Consumers, wider reforms & ownership
Empowering consumers
We want to return trust to the sector, ensure consumers are protected and provide confidence in the delivery of water company investments. We recommend:
- Strengthening the consumer voice through a consumer champion ombudsman with the legal power to resolve disputes, bringing water into line with other sectors.
- Improving monitoring and regulatory oversight of delivery, including by ending Operator Self-Monitoring (OSM) and replacing it with a more robust system that includes third-party verification.
- Reforming water charges to make them fairer through mandatory smart metering and new tariffs that replace standing charges with an innovative alternative linked to the volume and timing of household water consumption, promoting more sustainable usage while protecting households with legitimate requirements for high water use.
Wider reforms
Effective management of the water system involves different stakeholders; many of whom currently take no responsibility for the harm they cause. Failure to control pollution at source means the remediation costs are chiefly borne by water billpayers. Likewise, the failure to manage run-off increases pressure on wastewater infrastructure. Pressures on water supplies from population growth and climate change are exacerbated by inadequate water efficiency standards for new housing developments.
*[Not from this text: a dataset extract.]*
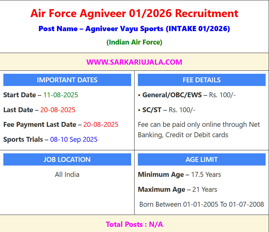 Post Description – Indian Air Force is inviting online applications for Agniveer Vayu (Sports) posts. Interested people meet all the eligibility criteria, apply online Details Of Recruitment Of Air Force Agniveer (Sports) 01/2026 Online FormPosts Name – Agniveer Vayu (Sports) Number Of Posts – N/A Pay Scale – First Year- 30,000 Per Years Second Year- 33,000 Per Years Third Year- 36,500 Per Years Fourth Year- 40,000 Per Years Exit After 4 Year – Rs 10.04 Lakh as Seva Nidhi Package & Skill Gained Certificate & Rs. 48 Lakh Life Insurance Cover. Up to 25% will be enrolled in the regular cadre of the Indian Airforce Education Qualification – Science Subjects – 12th Passed with Math , Physics and English with 50% marks in aggregate and 50% marks in English. OR 3 years Diploma Course in Engineering with 50% marks in aggregate and 50% marks in English in diploma course. OR 02 years Vocational course with non-vocational subject With Physics and Math with 50% marks in aggregate and 50% marks in English in vocational course And Sports Qualification. Other Than Science Subjects – 12th Passed in any subject with minimum 50% marks in aggregate and 50% marks in English. OR 2 Year Vocation Course with Minimum 50% Aggregate and 50% Marks in English. And Sports Qualification. Physical Standard Height- 152.5 Cms Chest – Minimum range of expansion 5 cm Running- 1600 Meter in 6 Minute 30 Second Push ups – 10 Sit-Ups – 10 Squats – 20 How to Apply Online Air Force Agniveer (Sports) 01/2026 Online Form – Candidates can apply through link provided below or they can also apply through official site of the Indian Air Force before 20/August/2026. Required Documents For Online Application – 10th / 12th Mark sheet And Certificates Aadhar Card / Pan Card Passport Size Photo Signature Selection Mode – CBT Exam PET/PST Medical Final Merit List

To ensure all sectors contribute their fair share toward sustainable water management, we recommend:
- The UK and Welsh governments introduce a control at source principle for harmful substances – including a ban on the manufacture and sale of non-essential uses of PFAS, and of mercury in dental amalgam – and an extended producer responsibility scheme to pay for advanced ‘fourth-stage’ sewage treatment to match European treatment standards.
- Defra should immediately begin work on a National Rainwater Management Strategy to inform its approach to catchment management in urban areas.
- The UK government should implement changes to the planning system and building regulations in England to unlock economic growth by speeding up construction of major infrastructure and improve water efficiency, creating headroom for new commercial development such as AI data centres.
Ownership models
As an industry body, our experience is that there are some differences produced by different ownership models (for example on public perception of trust, readiness of access to debt markets, or the ‘push’ on management teams by equity owners). However, these differences are (i) typically small in comparison to other issues raised in this submission, and; (ii) act in different directions such that each model has various advantages and disadvantages. Our experience is that performance ultimately rests on a clear direction set by government; good quality regulation; and access to sources of investment (which some countries have told us they find harder under a publicly-owned model). These three factors are among the most significant influences on outcomes.
The reality is that every water utility in Europe faces similar challenges, regardless of ownership, from climate change, aging assets, higher environmental and drinking water targets, changing public expectations, new technology, emerging pollutants and shifts in the way businesses use water.
While there are no clear benefits to changing the ownership models of either Wales or England, there are obvious costs. Those costs and disbenefits are even more serious when investment is increasing sharply (and over £12 billion of new equity is required). We are therefore strongly of the view that focussing on ownership models is to miss the point of what really makes a difference for customers, society and the environment; we are opposed to this changing.